According to the World Health Organization (WHO), high blood pressure causes an estimated 7.5 million deaths around the world, which accounts for 12.8 percent of all deaths. High blood pressure is a major risk factor for coronary heart disease as well as ischemic and hemorrhagic stroke. The organization has seen an increase of uncontrolled hypertension in the past 30+ years as the global population and aging continue to grow. The number had increased from 600 million in 1980 to nearly 1 billion by 2008.
While the statistics are alarming, high blood pressure is one condition individuals can manage with the right set of tools and proper guidance. A new blood pressure monitor from NEC (News - Alert) has been introduced to make the process of measuring one’s blood pressure more comfortable with less squeeze, which should encourage users to be more proactive in the management of their health.
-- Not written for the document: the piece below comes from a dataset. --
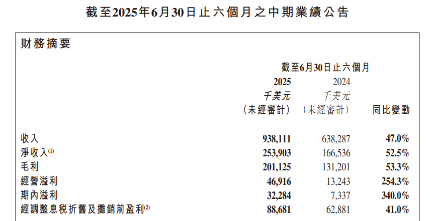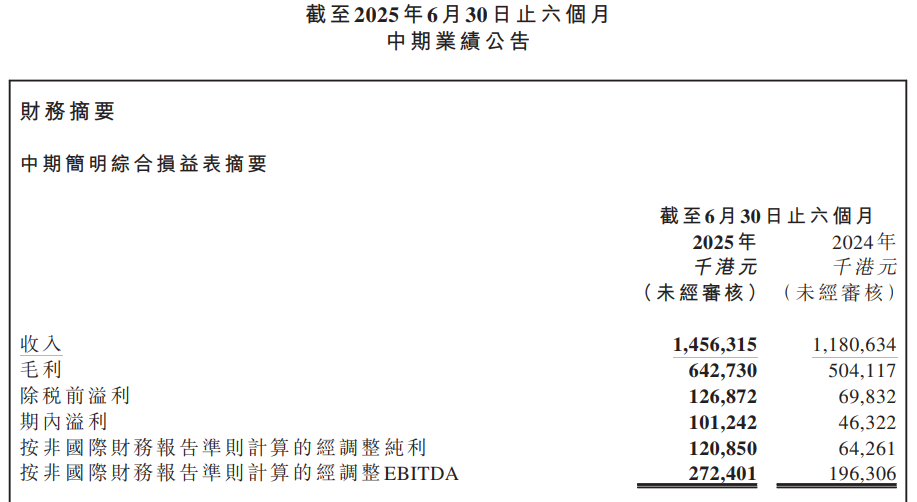 截至2025年6月30日止六个月,公司的收入同比增长12.3%至人民币18亿元,归属母公司权益持有人净利润同比增长30.8%至人民币3.97亿元,经调整归属母公司权益持有人净利润同比增长71.3%至人民币4.67亿元。董事会建议就截至2025年6月30日止六个月自公司股份溢价账以现金派付每股普通股0.045港元的中期股息。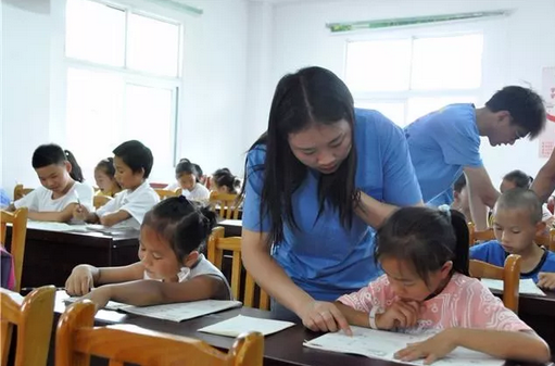▲志愿者輔導(dǎo)留守兒童

The blood pressure monitor, which is also known as sphygmomanometer, can cause anxiety for individuals who don’t have much experience with this device. The monitor measures blood pressure by restricting arterial blood flow and then measuring the blood flow when the cuff is released. This is achieved with an inflating cuff above the elbow, but the new NEC prototype also uses a pressure sensor and a vibration sensor, dramatically reducing the amount of pressure required to take the measurement.
The NEC low-pressure blood-flow measurement technology was developed in collaboration with Professor Osamu Tochikubo of the Yokohama City (Japan) University School of Medicine. The technology in this new device is able to reduce the amount of pressure used by traditional monitors by analyzing the waveform of the pulse and predicting blood flow changes. It does this by using a unique algorithm capable of estimating the change in blood flows with a pressure applied to the blood vessels that is weak enough not to block the flood of blood.
The single unit includes the pump, rechargeable battery and a Bluetooth module to connect it to an application so it can gather the data and display the information using graphs for easy reading. The connectivity option of this device means users will be able to send the readings directly to their physicians on a daily, weekly or monthly basis to chart their progress once developers create applications that can be integrated into EHR platforms.
“With this technology, NEC has made it possible to obtain blood pressure data throughout the day, including work, recreation and sleeping hours, without placing a heavy burden on patients with constricting pressure and cumbersome devices,” said Yuichi Nakamura, General Manager of Green Platform Research Laboratories, NEC Corporation.
The company has not announced a concrete date for availability or price as of this date.